*Brief*. Copy the lines below exactly, starting with the first and finishing with the one holding "Nous avons déjà"; do not copy the pictures.

*Provided material*.
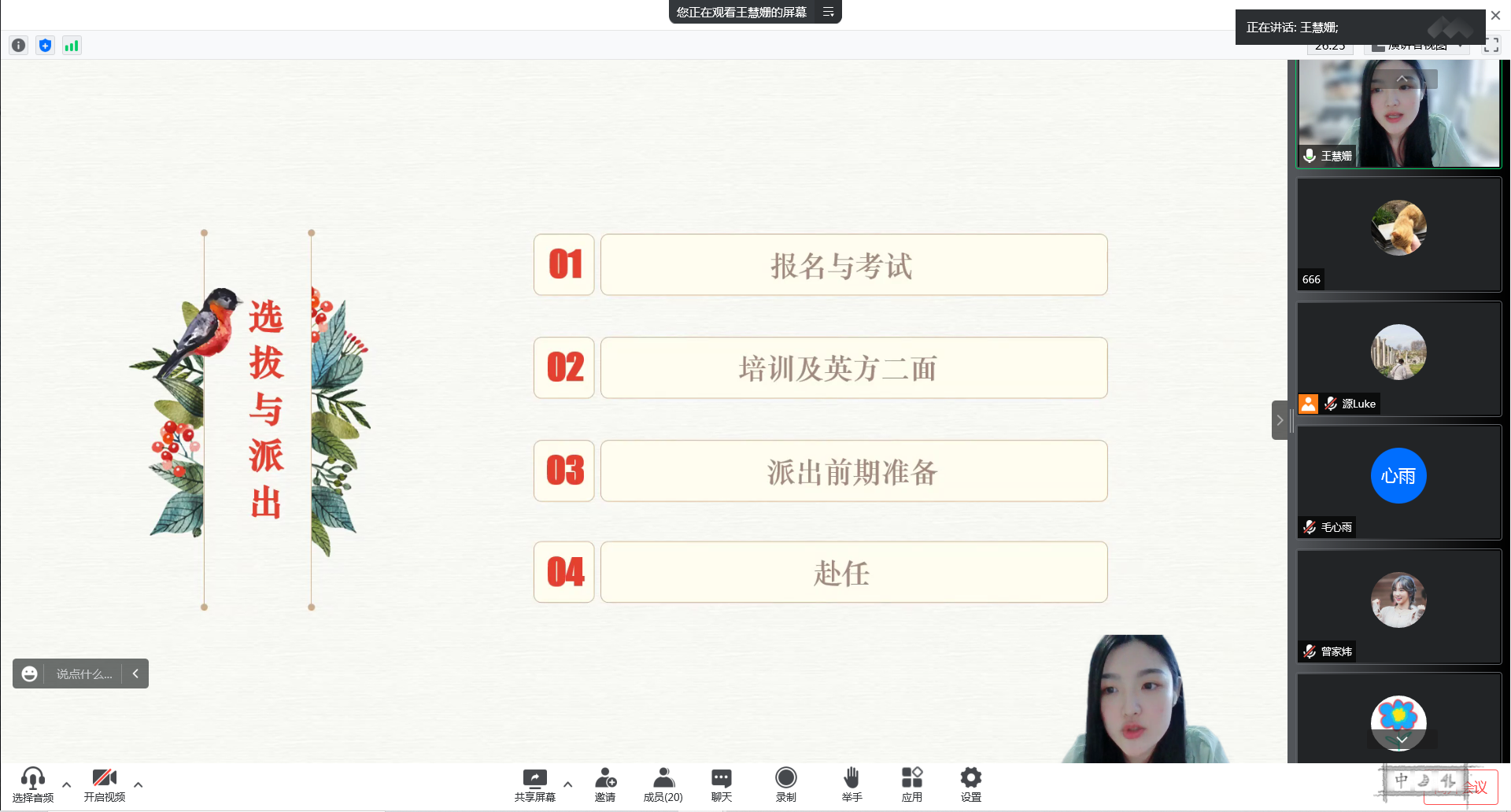 本次分享会特别邀请公司5名已完成服务任务的志愿者们,以及顺利通过2022年志愿者选拔的两名同学分别就考试准备、派出手续办理及志愿者工作与生活等方面分享了自己的经验与体会。
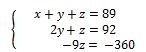 Nous avons déjà y et z. Nous allons sur la ligne 1 de notre système d’équations triangulé pour remplacer y et z par leurs valeurs respectives afin de trouver x.
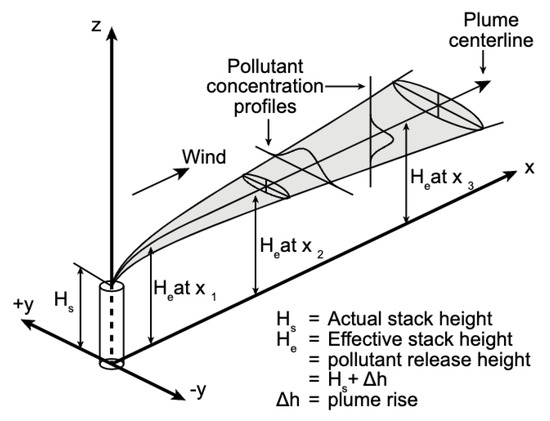The basic Gaussian model makes the following assumptions: (1) atmospheric stability and other meteorological parameters are uniform constants in the entire atmosphere and do not change with time, especially for the wind speed and direction; (2) turbulent flow is a random movement, so the time-averaged pollutant concentrations can be described by Gaussian or normal distribution in both horizontal and vertical directions (see Figure 4 taken from [37]); (3) the concentrations from a continuously emitting source are inversely proportional to the wind speed; (4) the plume will be reflected back into the atmosphere when it reaches the ground; (5) the plume only moves physically in the atmosphere without chemical and biological changes. Generally, because of turbulent reflections from the ground and the boundary atmosphere layer, the Gaussian distribution of the plume needs to be modified when the mixing height is low, and the plume’s width is determined by the parameter of σy and σz, i.e., the standard deviation of plume diffusion in the horizontal and vertical direction [38].

*Answer below*.
 本次分享会特别邀请公司5名已完成服务任务的志愿者们,以及顺利通过2022年志愿者选拔的两名同学分别就考试准备、派出手续办理及志愿者工作与生活等方面分享了自己的经验与体会。
 Nous avons déjà y et z. Nous allons sur la ligne 1 de notre système d’équations triangulé pour remplacer y et z par leurs valeurs respectives afin de trouver x.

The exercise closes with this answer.